Replies are listed 'Best First'.
Re: Efficient Fuzzy Matching Of An Address by BrowserUk (Patriarch) on Aug 19, 2008 at 18:10 UTC
I think the mechanism I describe in the subthread starting at Re^3: Comparing text documents could be adapted to this purpose depending upon what your actual goal is? When you say "Given an address as input, find any "similar" addresses in the DB" your not trying to (for example) locate next door neighbours, but rather locate duplicates with minor typos or transcription errors? Examine what is said, not who speaks -- Silence betokens consent -- Love the truth but pardon error. "Science is about questioning the status quo. Questioning authority". In the absence of evidence, opinion is indistinguishable from prejudice. "Too many [] have been sedated by an oppressive environment of political correctness and risk aversion."	[reply]
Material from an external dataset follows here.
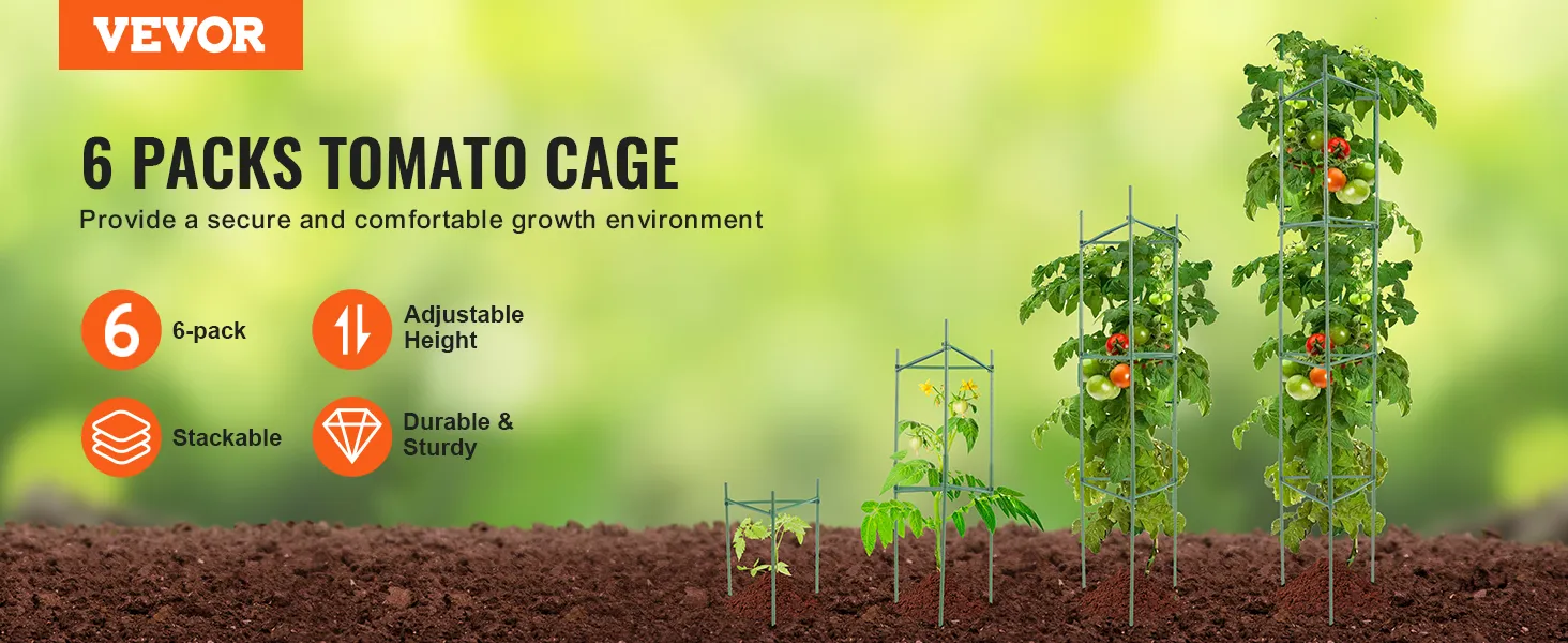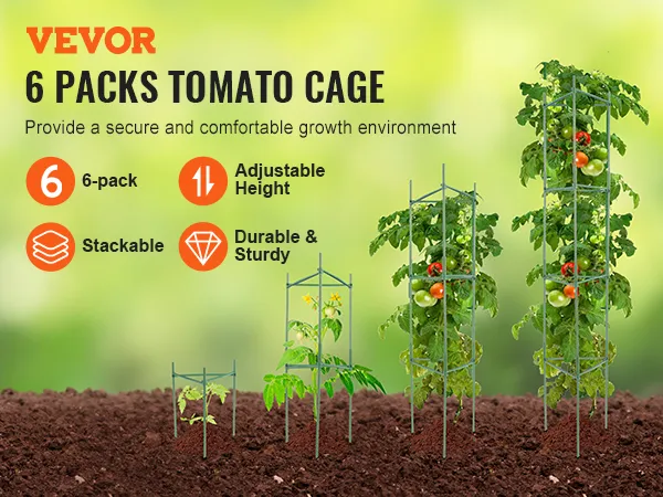 Deze tomatenkooi is stapelbaar en verstelbaar, zodat u de hoogte kunt aanpassen aan uw behoeften. Het is ideaal om planten in verschillende groeifasen te ondersteunen en biedt voldoende ruimte om zich te ontwikkelen.

Re^2: Efficient Fuzzy Matching Of An Address by Limbic~Region (Chancellor) on Aug 19, 2008 at 18:22 UTC
BrowserUk, When you say "Given an address as input, find any "similar" addresses in the DB" your not trying to (for example) locate next door neighbours, but rather locate duplicates with minor typos or transcription errors? The latter (typos and transcription errors) with a caveat. If the input is '123 Main St' and the DB has a record of '356 Main Street', I would hope that the search wouldn't return "no results found". On the other hand, if the input was '12 Elm Ave' (two houses over), then the search should definately not find a match. Ultimately, I would like to return the best N matches ordered by degree of similarity. Thanks for the pointer to Re^3: Comparing text documents. If I get real motivated, I will try it out. Cheers - L~R	[reply]
Re: Efficient Fuzzy Matching Of An Address by eyepopslikeamosquito (Archbishop) on Aug 19, 2008 at 18:34 UTC
I faced a similar problem years ago (the program was written in C) when processing millions of addresses to eliminate duplicates for a mailing house. It wasn't feasible to compare every address with every other address. What I ended up doing was partitioning the addresses into "buckets" by postcode and comparing all addresses with all other addresses in the same bucket (i.e. with the same postcode) only. To ensure reasonable reliability of postcodes, I had another program to compare suburb names with postcodes, looking for errors.	[reply]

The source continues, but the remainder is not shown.